INFORMATION SHOWN:
┌────────

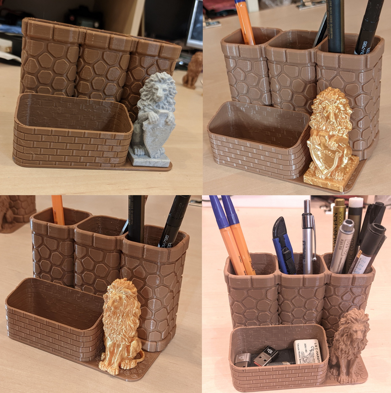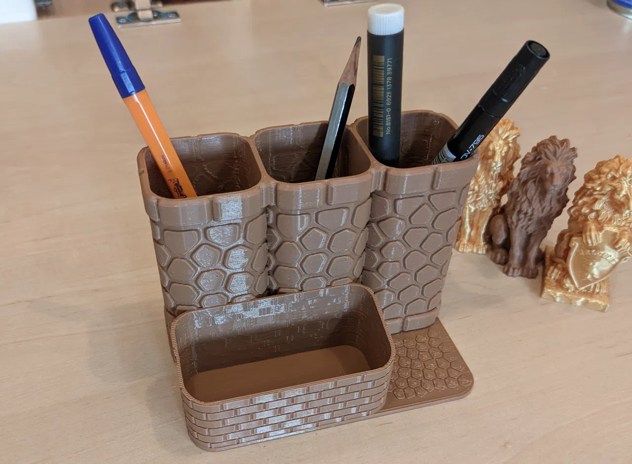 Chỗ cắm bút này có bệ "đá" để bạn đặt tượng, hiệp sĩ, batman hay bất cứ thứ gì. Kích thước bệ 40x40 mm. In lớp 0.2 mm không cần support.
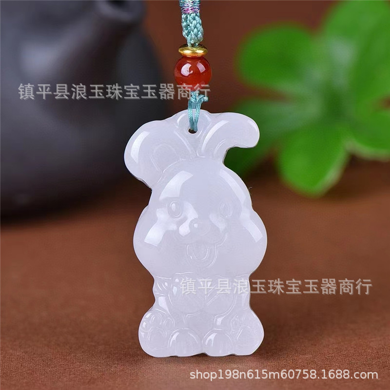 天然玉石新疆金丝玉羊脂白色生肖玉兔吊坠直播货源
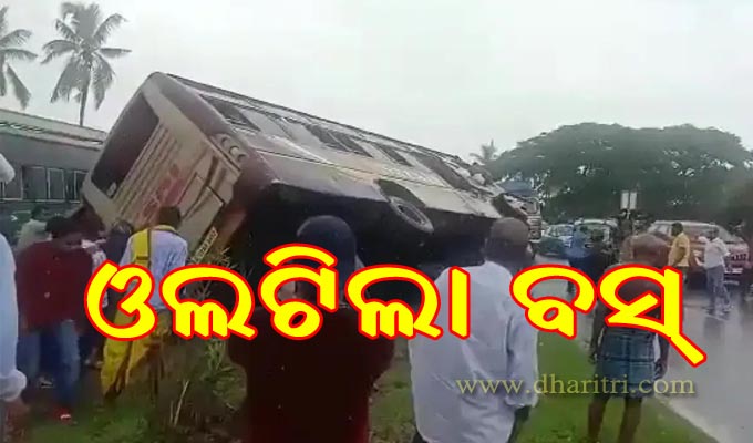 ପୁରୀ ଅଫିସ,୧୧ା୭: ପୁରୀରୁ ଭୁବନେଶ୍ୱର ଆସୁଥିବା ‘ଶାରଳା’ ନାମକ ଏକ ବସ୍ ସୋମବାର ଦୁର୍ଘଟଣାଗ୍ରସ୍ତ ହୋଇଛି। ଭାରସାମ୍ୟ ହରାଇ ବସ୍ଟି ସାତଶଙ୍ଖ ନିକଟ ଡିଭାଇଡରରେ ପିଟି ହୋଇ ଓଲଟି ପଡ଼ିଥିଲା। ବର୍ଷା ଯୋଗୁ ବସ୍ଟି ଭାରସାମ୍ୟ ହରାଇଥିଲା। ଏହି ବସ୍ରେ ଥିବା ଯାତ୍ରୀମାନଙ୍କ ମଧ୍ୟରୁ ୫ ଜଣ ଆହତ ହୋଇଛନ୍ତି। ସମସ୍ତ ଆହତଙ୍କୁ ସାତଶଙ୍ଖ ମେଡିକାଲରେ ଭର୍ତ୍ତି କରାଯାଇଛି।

└────────

AIM OF THE EXERCISE: Every line above should be returned word for word, with the pictures left behind.

RESPONSE TO THE EXERCISE:
 Chỗ cắm bút này có bệ "đá" để bạn đặt tượng, hiệp sĩ, batman hay bất cứ thứ gì. Kích thước bệ 40x40 mm. In lớp 0.2 mm không cần support.
 天然玉石新疆金丝玉羊脂白色生肖玉兔吊坠直播货源
 ପୁରୀ ଅଫିସ,୧୧ା୭: ପୁରୀରୁ ଭୁବନେଶ୍ୱର ଆସୁଥିବା ‘ଶାରଳା’ ନାମକ ଏକ ବସ୍ ସୋମବାର ଦୁର୍ଘଟଣାଗ୍ରସ୍ତ ହୋଇଛି। ଭାରସାମ୍ୟ ହରାଇ ବସ୍ଟି ସାତଶଙ୍ଖ ନିକଟ ଡିଭାଇଡରରେ ପିଟି ହୋଇ ଓଲଟି ପଡ଼ିଥିଲା। ବର୍ଷା ଯୋଗୁ ବସ୍ଟି ଭାରସାମ୍ୟ ହରାଇଥିଲା। ଏହି ବସ୍ରେ ଥିବା ଯାତ୍ରୀମାନଙ୍କ ମଧ୍ୟରୁ ୫ ଜଣ ଆହତ ହୋଇଛନ୍ତି। ସମସ୍ତ ଆହତଙ୍କୁ ସାତଶଙ୍ଖ ମେଡିକାଲରେ ଭର୍ତ୍ତି କରାଯାଇଛି।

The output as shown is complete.